Не отозвавшись, Калиновский вновь принялся укладывать в чемодан свои бумаги. Мамонтов смотрел на него, думал: «Готовишься к разговору в ставке. И начал еще до моего прихода. Пронюхал откуда-то… Ничего. Я не с пустыми руками приду на Дон. Примут. И в Новочеркасске, и в Ростове. Примут…»
Возвращаясь от Калиновского, у двери своего кабинета он вновь повстречал Родионова. Едва ли это было случайностью. Он пригласил его войти и спросил:
— У вас ко мне дело?
— Мелочь. Полки выступают?
— Да. В двенадцать часов.
— Это я и хотел уточнить.
— Но и у меня к вам вопрос, — продолжал Мамонтов. — Что этот Мануков? Как поживает?
— Пока прекрасно.
— Почему же — пока? — усмехнулся Мамонтов. Родионов удивленно взглянул на него. Мамонтов пояснил:
— Уж теперь-то едва ли у кого-нибудь из тех, кто знает, что это за господин, хватит смелости даже покоситься на него.
— И у вас?
— Конечно. Но и у вас. Не обижайтесь. Все мы политики. Чем хуже идут дела корпуса, тем в большей мере. Главное сейчас вот что, и за этим надо вам со всем тщанием проследить: его ни в коем случае нельзя отдать красным. Ни живым, ни мертвым. Все, чего прежде я опасался, по сравнению с этим мелочь.
— К сожалению, — сказал Родионов, — уже едва ли что-либо удастся исправить.
— В каком отношении?
— В таком, что совсем недавно я говорил об этом господине с человеком, который, увы, не политик. И говорил в прежнем ключе.
— Разве сейчас есть такие? Кто?
— Есть, — уклончиво ответил Родионов. — Но, простите…

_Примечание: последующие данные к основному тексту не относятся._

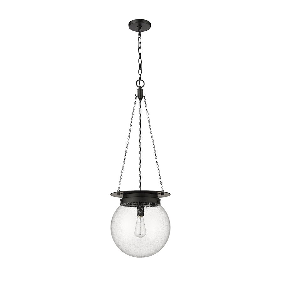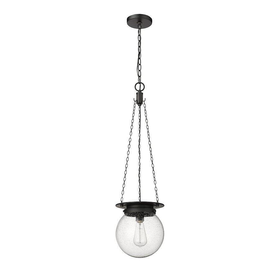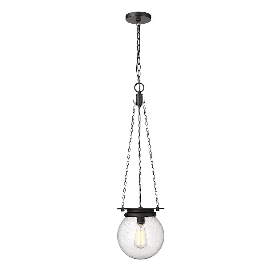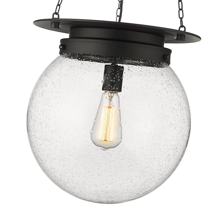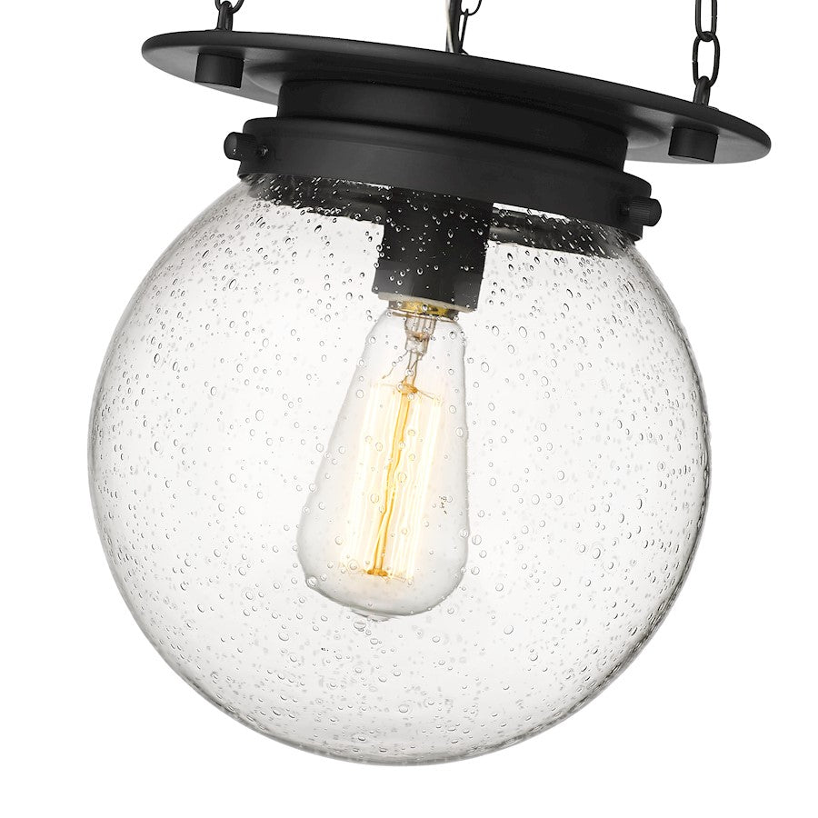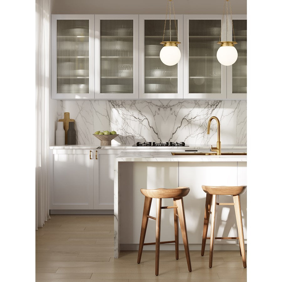 Harken back to Mid-Century Modern fare with a bit of schoolhouse charm thrown in and appreciate the easy feel of a light fixture that works wonders in both contemporary and transitional settings. This one-light pendant from the Calhoun collection delivers a shapely, symmetrical silhouette with a frame and accents featuring heritage brass finish metal. A festive clear seedy glass globe shade adds a dose of elegance suitable for a main living space, dining area, or foyer.

— Ой как я советую вам ничего подобного не допустить. И ой как вам иначе будет трудно потом! Как будет трудно! — Мамонтов говорил с подчеркнутой мягкостью в голосе и в то же время жестоко думал: «Это тебе, мерзавец, за „может, вам не так и удобно сейчас возвращаться на Дон“. Я ничего никогда никому не прощаю, подлец».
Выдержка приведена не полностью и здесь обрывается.